On Thursday, stocks fell substantially on a disappointing report from Meta, parent company of Facebook and Instagram. Meta’s core financials were all positive: revenue rose 27% and profits doubled. Both of those were better than Wall Street expected. The problem was that the company said they’d be spending about $5 billion more than previously forecasted on investments in AI technology and infrastructure. That amounted to about a 20% increase in total spending on total capital expenditures for Meta. Meta’s stock itself was down as much as 15% on Thursday, closing down about 10%.
Facet is invested in Meta indirectly through the ETFs we own, just like we basically own every stock. So why bother spending time understanding this Meta report in detail? Because it gives us several important clues about the broader economy as well as market sentiment.
First, there’s been some talk that there’s an AI bubble going on right now. So it is notable that the market punished Meta for making a big push into AI. Meta CEO Mark Zuckerberg said that these investments would turn into higher profit growth in the long term, and that may well turn out to be the case. But currently markets want companies to focus on profitable growth as opposed to big spending on an uncertain future. In other words, the market still has limited tolerance for companies taking big risks.
Second, Meta is spending this extra $5 billion on things like servers, cloud computing capacity, semiconductors, etc., in their AI push. All those things are costs for Meta, but their revenue for the companies that produce those things.

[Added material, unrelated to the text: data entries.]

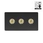 Soho Lighting Lighting Matt Black & Brushed Brass 3 Gang Dimming Toggle Switch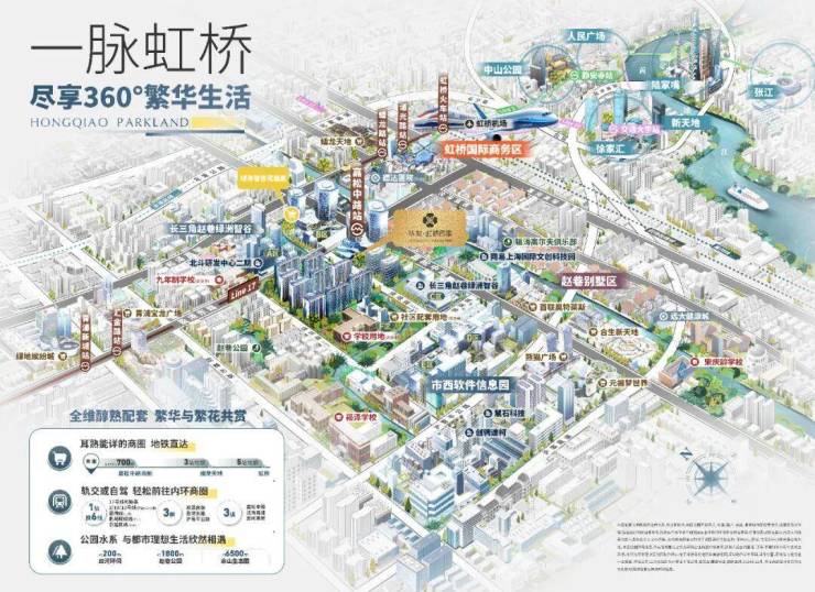 更值得一提的是,17号线不仅是通勤线,更是串联起青浦未来的“黄金发展轴”。它东起徐泾北斗产业基地,西至金泽华为研发基地,而中部核心节点,正是项目所在的赵巷市西软件信息园。这条轴线承载的,是青浦乃至整个大虹桥的科创未来。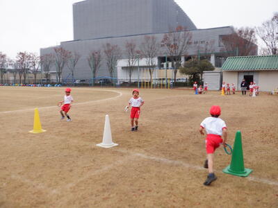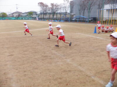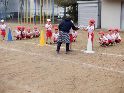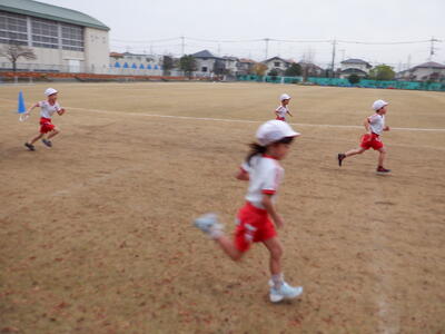 | 1年生の体育では、初めての「折り返しリレー」に取り組みました。まずは先生からルールをしっかりと教わり、リングバトンを渡すときには乱暴にせず、優しく渡すことを学びました。 レースが始まると、子どもたちは全力で折り返しコーンまで走り、次の友だちへリングバトンを丁寧に渡します。走ることが大好きな子どもたちの笑顔があふれ、体育館はとても明るい雰囲気に包まれていました。 初めての折り返しリレーでしたが、ルールを守りながら楽しく活動する姿が印象的でした。これからの体育の学習でも、仲間と協力しながらさらに成長していくことでしょう。 |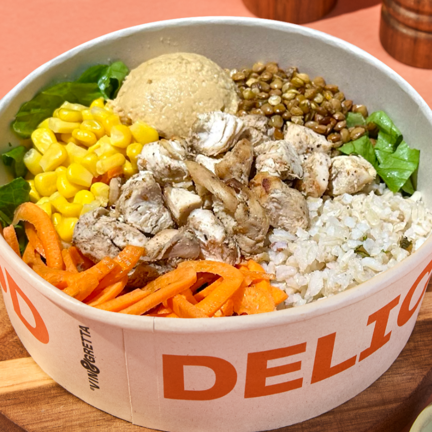 Bowl totalmente fresco para tu día a día con arroz, lechuga, zanahoria, maíz, pollo o falafel, hummus tradicional, lentejas crocantes y vinagreta a elección: amapola y limón, berenjena y miel mostaza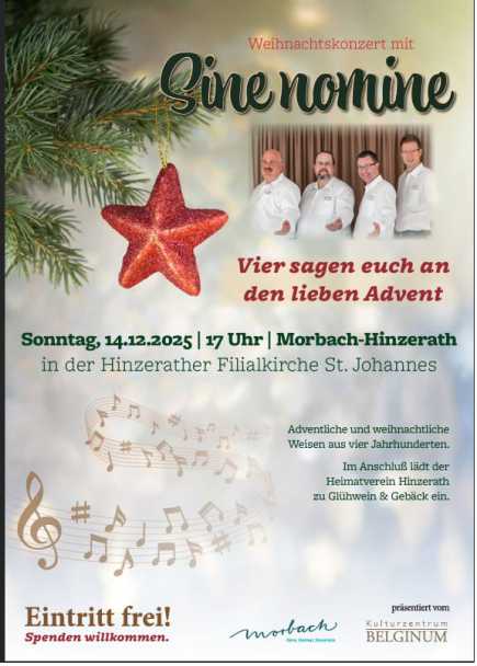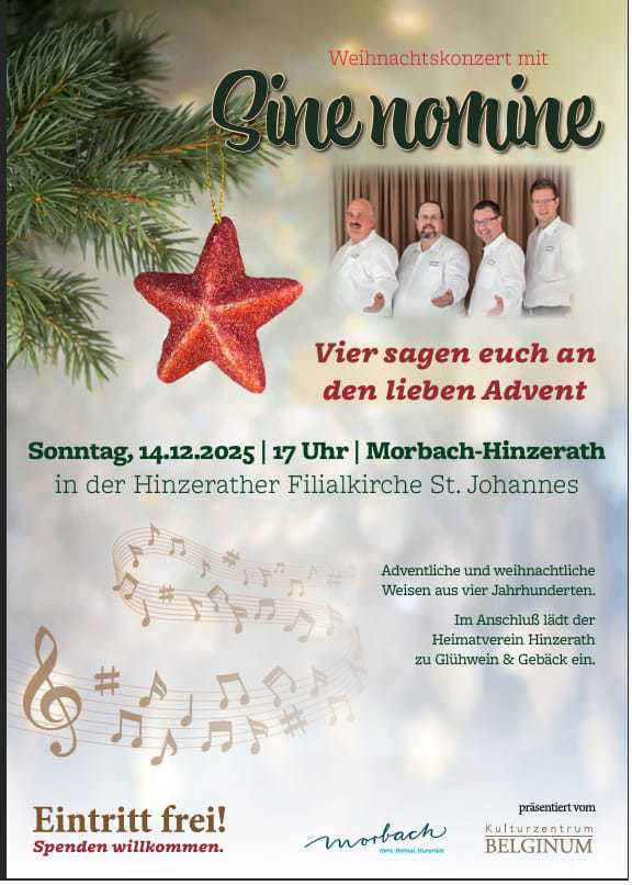 Am 3. Adventssonntag, dem 14. Dezember 2025, lädt das Quartett „Sine nomine“ um 17.00 Uhr zu einem stimmungsvollen Weihnachtskonzert in die Filialkirche St. Johannes in Morbach-Hinzerath ein. Unter dem Titel „Vier sagen euch an den lieben Advent“ präsentieren die vier Sänger ein abwechslungsreiches Programm mit adventlichen und weihnachtlichen Weisen aus vier Jahrhunderten.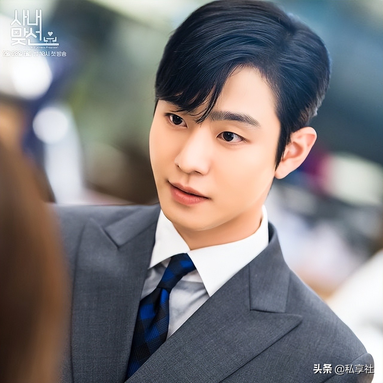 除了韓劇《社內相親》薑社長之外,怎麼少了秘書室長車成勛呢!在劇中飾演車成勛的金旻奎,與社長的逗號瀏海油頭稍微不同的是沒有往後梳成油頭,而是將瀏海分為二八分、稍微抓成C字型之後,其餘的頭髮梳成順毛,讓整體造型不會太過成熟,反而給人一種慵懶率性的時尚穩重感,也是很百搭的髮型之一!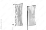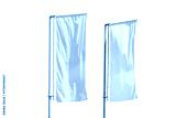 Two tall vertical white advertising flags on metal poles isolated on white background, mockup template for branding or event promotion.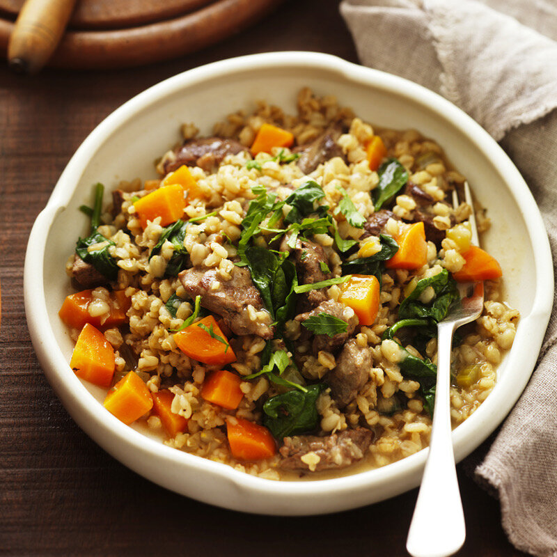 В это время займемся подготовкой перловой крупы. Ее нужно тщательно промыть, высыпать на бумажное или обычное полотенце, дать просохнуть. Чтобы усилить аромат и подчеркнуть вкус перловки, ее приготовление рекомендуется начинать с обжарки. Высыпаем на сковороду без масла подсушенную крупу, обжариваем в течение 2-3 минут, пока не появится тонкий аромат, слегка напоминающий ореховый.

Enter Alphabet (parent of Google) and Microsoft, which reported earnings the next day. Both companies said that growth in cloud computing was being boosted by AI demand. And both companies are benefiting from adoption of their own in-house AI tools (Gemini for Alphabet and OpenAI/ChatGBT for Microsoft).
So if we rewind to Meta’s results, a stock picker probably gets nervous that Zuckerberg is taking too big of a risk and/or maybe losing cost control discipline. That’s bad for Meta specifically. But Meta investing that aggressively on AI capabilities probably means other companies will as well. From a macro perspective, a boom in investment spending is great news. Not only does it benefit the companies that sell AI-related software and other infrastructure, investment spending tends to boost productivity over the long-run.

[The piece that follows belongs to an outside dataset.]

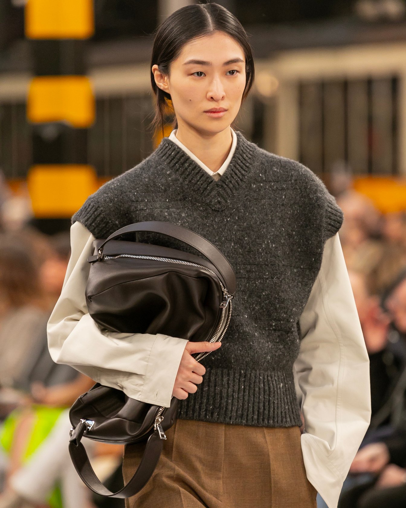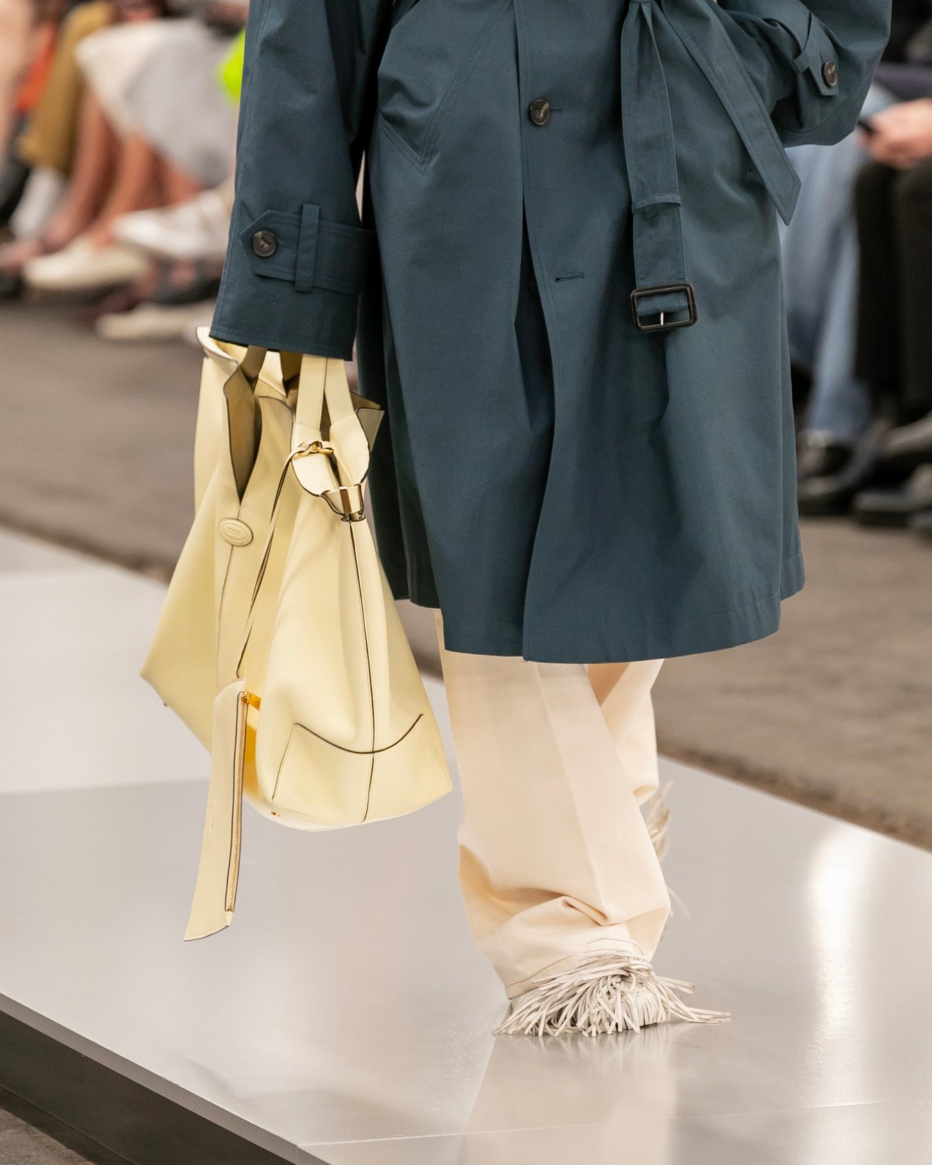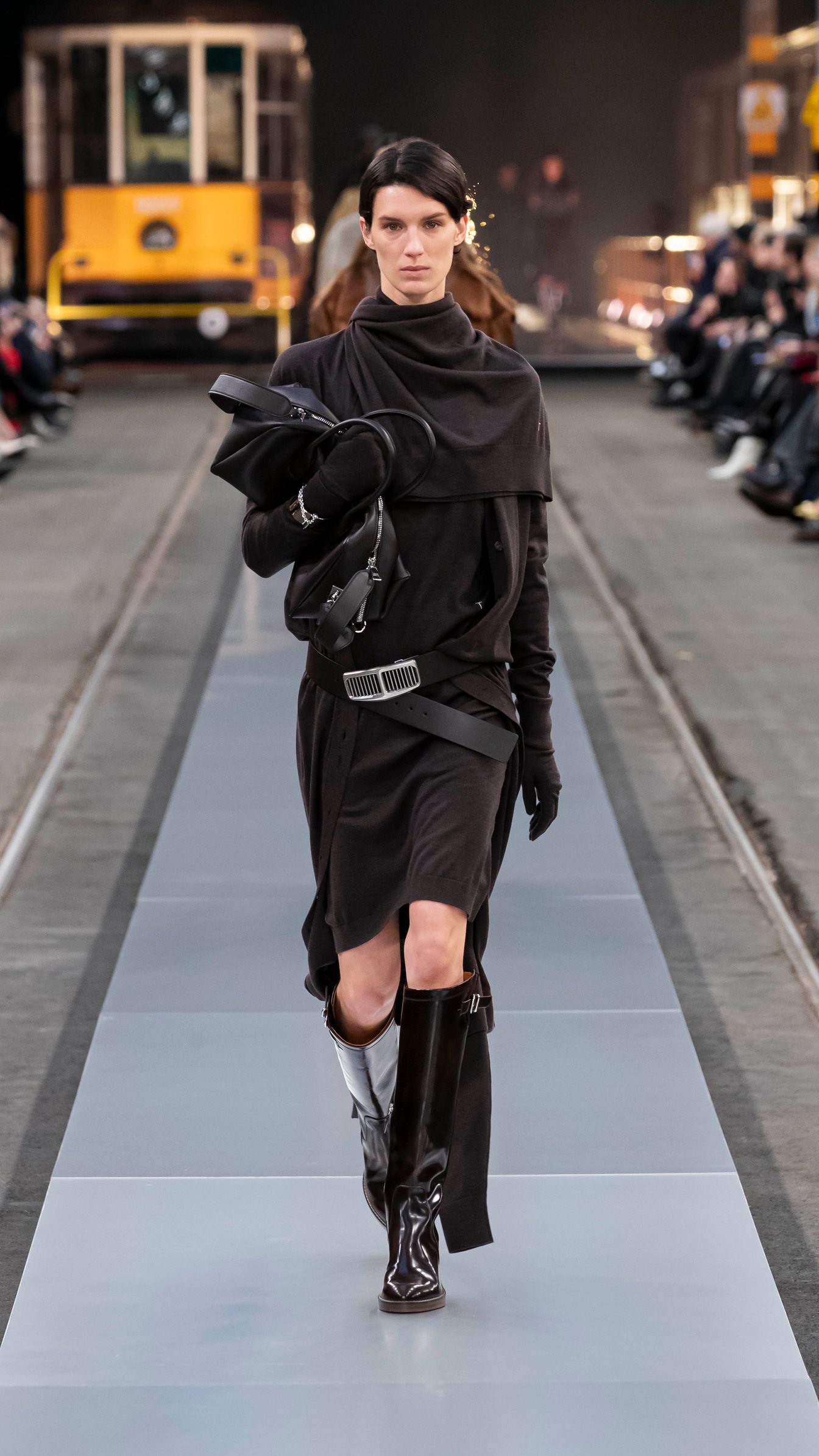 会場は歴史ある路面電車の倉庫で、ミラノの街中を巡る路面電車が発着する場所。テーマの「トッズ・イン・モーション」を感じさせる、活気に溢れたショーで新たなスタートを切った。

Bringing it back to how Facet invests, we recently added a mega-cap growth fund (Vanguard Mega Cap Growth, ticker MGK) partly because we felt the companies within it were in a good position to benefit from this investment boom. Even though that fund underperformed on Thursday, we felt like the details of Meta’s report was positive for that fund’s longer-term prospects. Now we don’t usually get the one-day turnaround that we got this week, but this episode does illustrate how to put individual company reports into a more macro context, and then apply that to investment decisions.